Problem details: Leaving out pictures, output exactly the lines below from the one that has "Bluzka męska z" through the one that has "These glass beads", and nothing else.

Dataset:
########################################

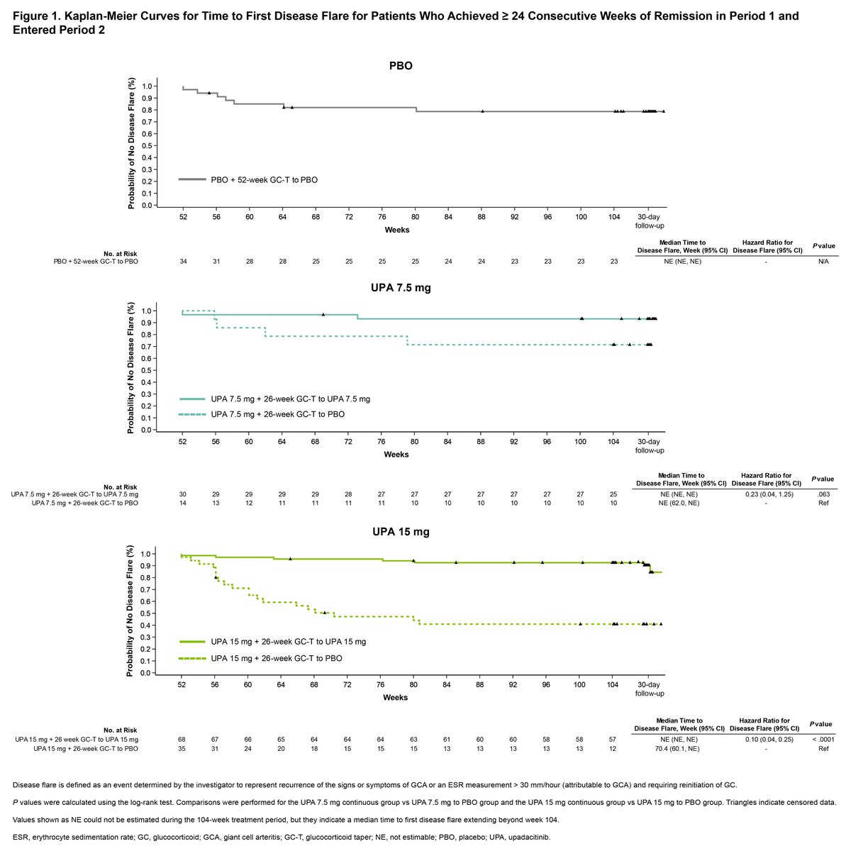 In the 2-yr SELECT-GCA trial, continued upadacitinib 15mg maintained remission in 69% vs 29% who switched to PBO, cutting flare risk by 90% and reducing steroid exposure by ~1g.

########################################

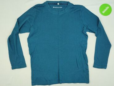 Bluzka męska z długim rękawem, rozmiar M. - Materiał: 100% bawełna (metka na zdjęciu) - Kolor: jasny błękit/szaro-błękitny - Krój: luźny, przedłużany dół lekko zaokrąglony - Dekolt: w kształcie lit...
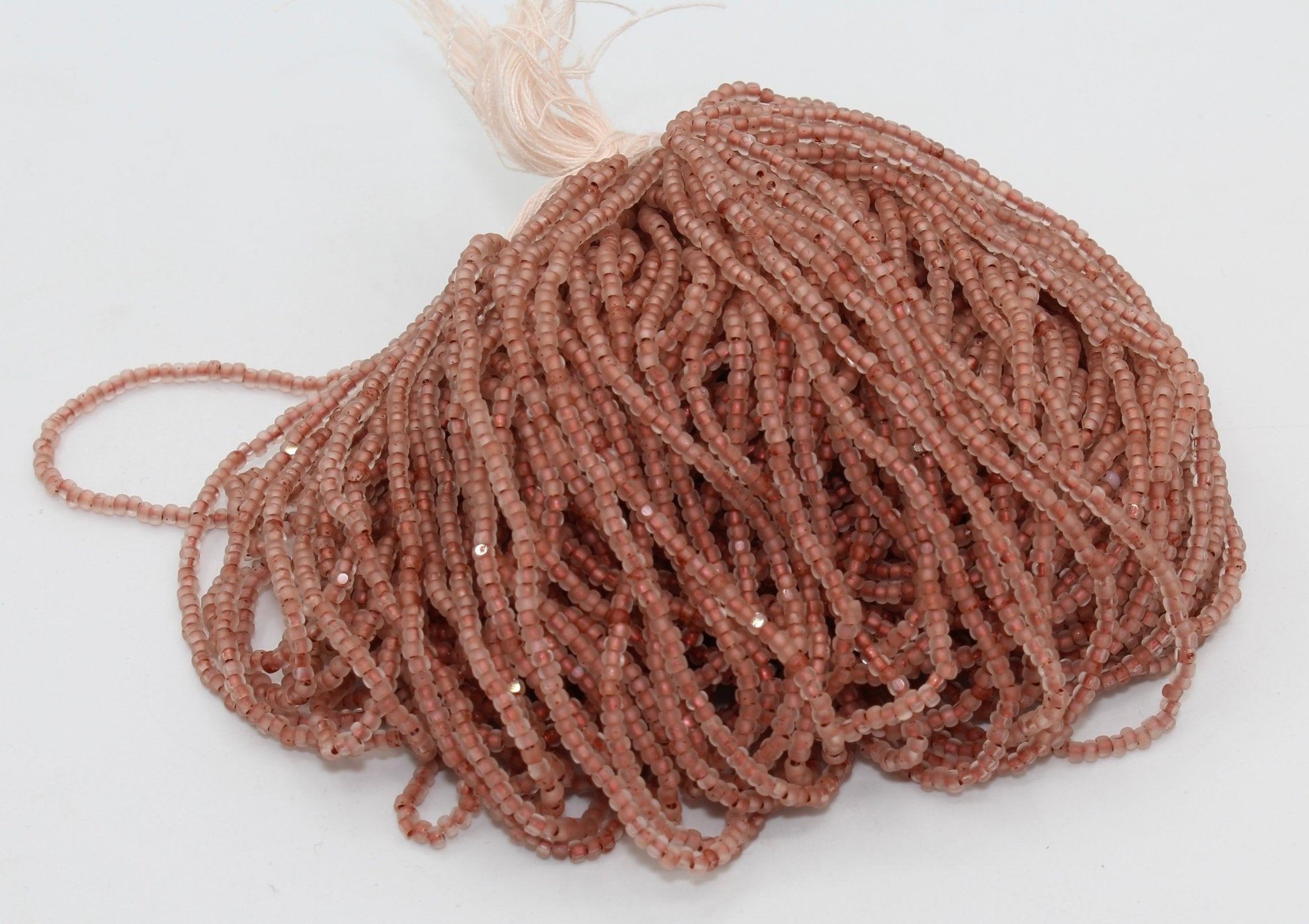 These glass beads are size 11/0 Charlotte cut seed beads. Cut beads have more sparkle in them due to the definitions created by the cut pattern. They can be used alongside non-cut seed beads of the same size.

########################################

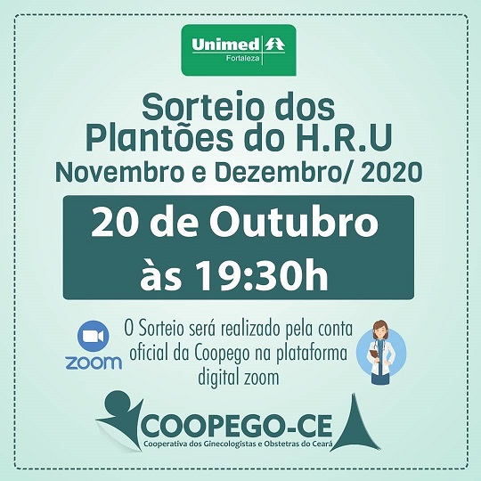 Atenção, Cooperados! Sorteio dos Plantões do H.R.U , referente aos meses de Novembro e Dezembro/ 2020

########################################

Result of the task:
 Bluzka męska z długim rękawem, rozmiar M. - Materiał: 100% bawełna (metka na zdjęciu) - Kolor: jasny błękit/szaro-błękitny - Krój: luźny, przedłużany dół lekko zaokrąglony - Dekolt: w kształcie lit...
 These glass beads are size 11/0 Charlotte cut seed beads. Cut beads have more sparkle in them due to the definitions created by the cut pattern. They can be used alongside non-cut seed beads of the same size.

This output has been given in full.